Под пулями ходил, снарядами обстреливался, а здесь вздрогнул.
— Максимка. Сынок!
Спасибо саратовским телевизионщикам: вылетая на съемки фильма о выводе войск, они включили в группу и четырнадцатилетнего сына командарма. И пусть у них была своя профессиональная цель — заснять встречу отца и сына, но мир, не отрывавшийся в то время от телевизоров, увидел, как вздрогнул невозмутимый, железный Громов, как проявил свою, наверное, первую нерешительность: обнять ему сына или сначала доложить о выполнении приказа Родины. И Родина ему простила, когда он обнял сына. И именно в этот миг до всех дошло — война кончилась…
Хотя, ради исторической правды, последними с афганской земли, получив сообщение о выходе «Первого», переправились пограничные отряды, которые обеспечивали безопасность и моста Дружбы, и самого Громова, и празднества встречи. А вышли тихо, без фанфар, поздравлений и приветствий, подарков и наград, скромно — как с работы. Хотя так оно и было: они вышли и стали погранзаставами по Амударье.

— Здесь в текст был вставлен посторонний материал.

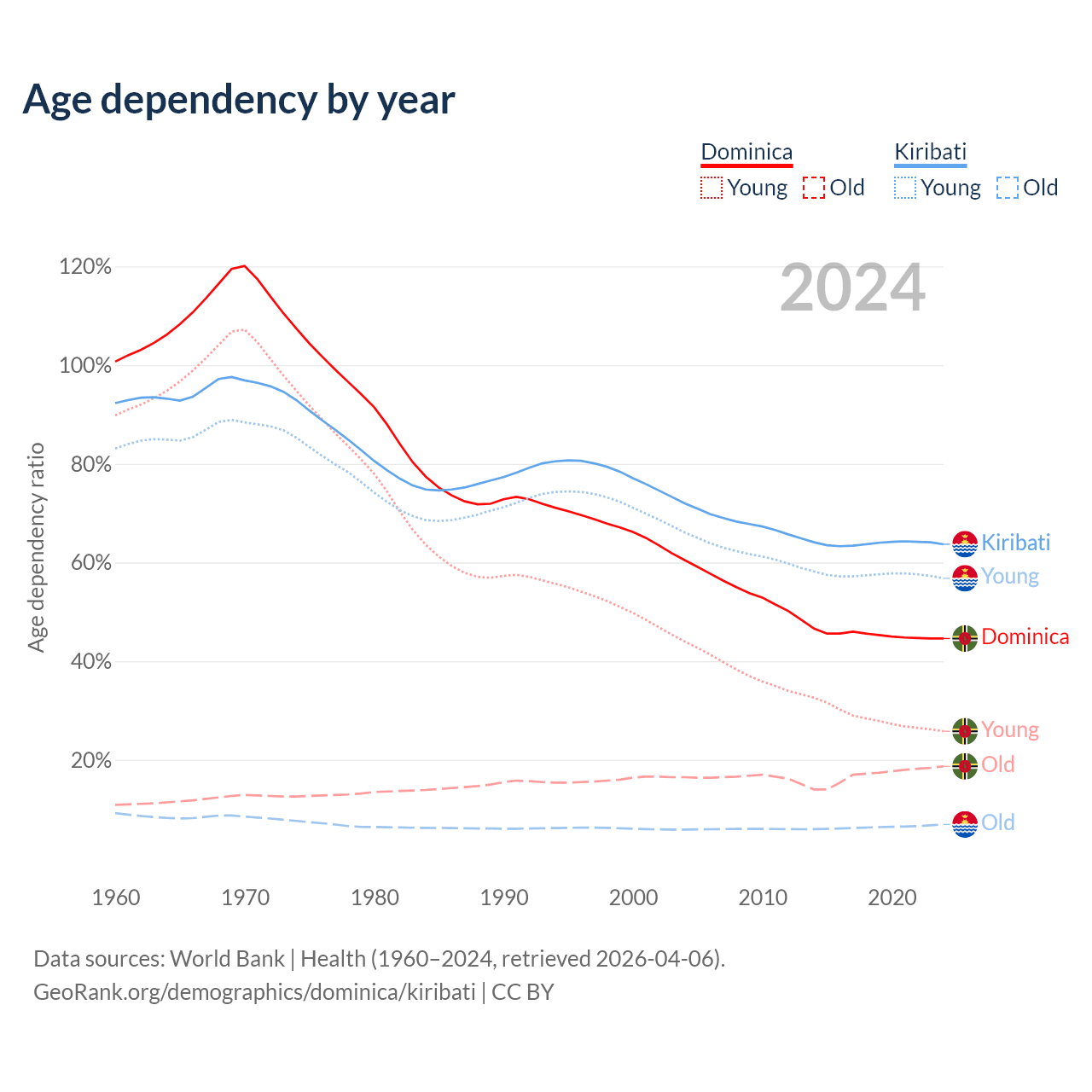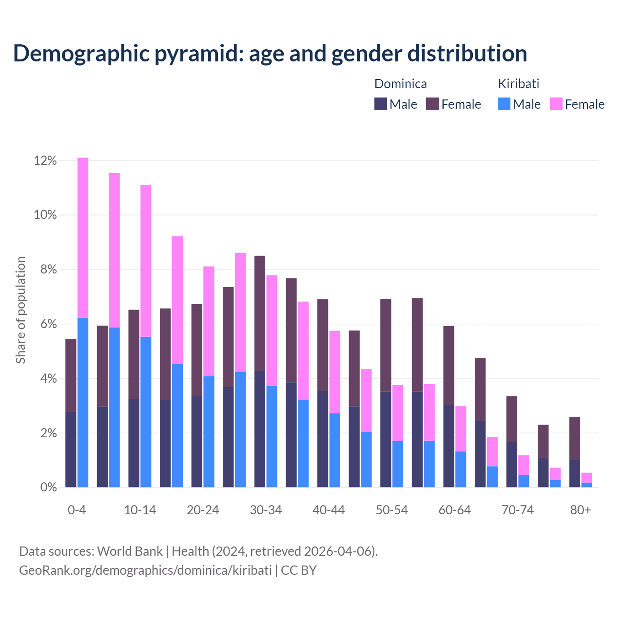 - Dominica is ranked 66/196 by median age (oldest to youngest) vs 139/196 for Kiribati.

Вообще-то пограничники — особый разговор в афганской теме. Долгие годы даже не упоминалось, что они тоже прошли через эту войну, что и у них есть свои Герои Советского Союза, свои погибшие и раненые. Еще в 1981 году афганцы обратились к Советскому правительству: пусть ваши пограничники охраняют границу и с нашей стороны. Это высвободит афганские части для борьбы с бандами и в какой-то степени обеспечит мир и спокойствие в северной, пограничной зоне. К этому времени участились переходы душманов нашей границы, попытки захвата наших пограничников и мирных жителей, особенно пастухов. В Москве лежали письма руководителей среднеазиатских республик с просьбой навести порядок.
И в марте 1982 года мотоманевренные группы погранвойск стали в основных узловых точках северной зоны ДРА. Первое, что попробовали сделать, — это организовать приграничную торговлю между двумя странами. Не по их вине задуманное не получилось. Но уважительное отношение к местному населению осталось главенствующим в поведении пограничников, что и позволило им сдать при выводе самую нетравмированную войной зону.
514 пограничников погибло на этой войне. Но ни один из них не сдался в плен, ни один не попал в руки душманов даже раненным, ни один погибший не остался лежать на той стороне после вывода войск. Ни один пограничник, который должен был уволиться осенью в запас, не уехал домой, пока не дождался сигнала, что Громов вышел. И последний, «прощальный» Герой Советского Союза на этой войне именно пограничник-вертолетчик.
Но все это будет потом, далеко потом. И это будет уже другая история. Важнее же понять, почему эта история случилась так, а не иначе. Для этого надо заглянуть в семидесятые годы, когда все для нас только начиналось.
Глава 1
Ко всему, кажется, можно привыкнуть в России, но только не к ее дорогам.
Вдрызг исколошмаченные, истерзанные, прорезанные колеями, как окопами, залитые в низинах водой — такие они со времен царя Гороха по весне и осени. Горе кому умирать или рождаться в эту пору: до больницы аль станции ни доплыть, ни доехать, ни доползти. Можно, конечно, рискнуть: сцепить цугом два-три трактора, за ними на прицепе тележку и — спаси и сохрани, Господи, — в путь.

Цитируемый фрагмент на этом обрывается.